Predict before you read

Before you read — roughly how many transistors does NVIDIA pack into a Rubin GPU package?

Pick the order of magnitude. The chapter will tell you whether you were close.

From Sand to Superintelligence  ·  Chapter 06 of 42
Chapter 06

Designing the Impossible

EDA, transistors, and 15,000 engineer-years

336 billion
transistors per Rubin GPU die
thousands
of engineer-years of design effort
4–5 years
from architecture to first silicon
~80
lithography mask sets per chip
Maturity ladder

It is tempting to begin a chip's story with the wafer, the way we have. But the wafer is the easy part. By the time anyone reaches for a piece of silicon, the design they are about to print on it has already absorbed thousands of person-years of attention. The Vera Rubin platform alone took thousands of engineer-years to bring from architecture to manufacturable form.

You cannot photograph this work. It happens almost entirely in the abstract, inside servers, in cool rooms in Santa Clara and Hyderabad and Hsinchu. But it is the part of the silicon supply chain where the most human creativity lives.

The blank canvas

A modern GPU starts as a set of intentions. The architects ask: what do we want this chip to do? For Rubin, the answer is to train and infer the next generation of large language models — to multiply matrices billions of times per second on tensors of low-precision numbers, to move that data in and out of memory faster than any system before, and to coordinate dozens or hundreds of these chips into a single thinking machine.

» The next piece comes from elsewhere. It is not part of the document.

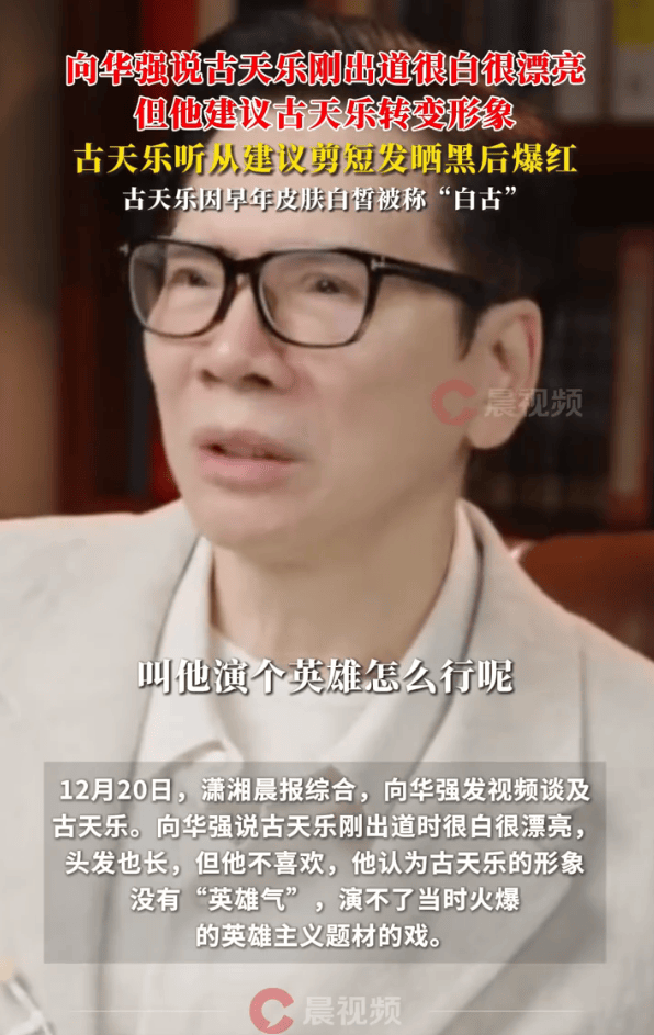 12月20日,潇湘晨报综合,向华强发视频谈及古天乐。向华强说古天乐刚出道时很白很漂亮,头发也长,但他不喜欢,他认为古天乐的形象没有“英雄气”,演不了当时火爆的英雄主义题材的戏。于是,古天乐剪了短发,又把自己晒黑,转变形象之后就爆红。

This top-level intention cascades downward. Compute units. Memory hierarchy. Interconnect topology. Power delivery. Clock distribution. Each of these is itself a design problem with its own trade-offs, and each generates further sub-problems. The full design hierarchy of a Rubin-class GPU has perhaps a dozen levels and tens of thousands of sub-blocks.

EDA — software that designs silicon

None of this could be done by hand anymore. The tools that turn intentions into masks are called Electronic Design Automation — EDA — and they are themselves a roughly fifteen-billion-dollar industry, dominated globally by three companies: Synopsys, Cadence, and Siemens EDA.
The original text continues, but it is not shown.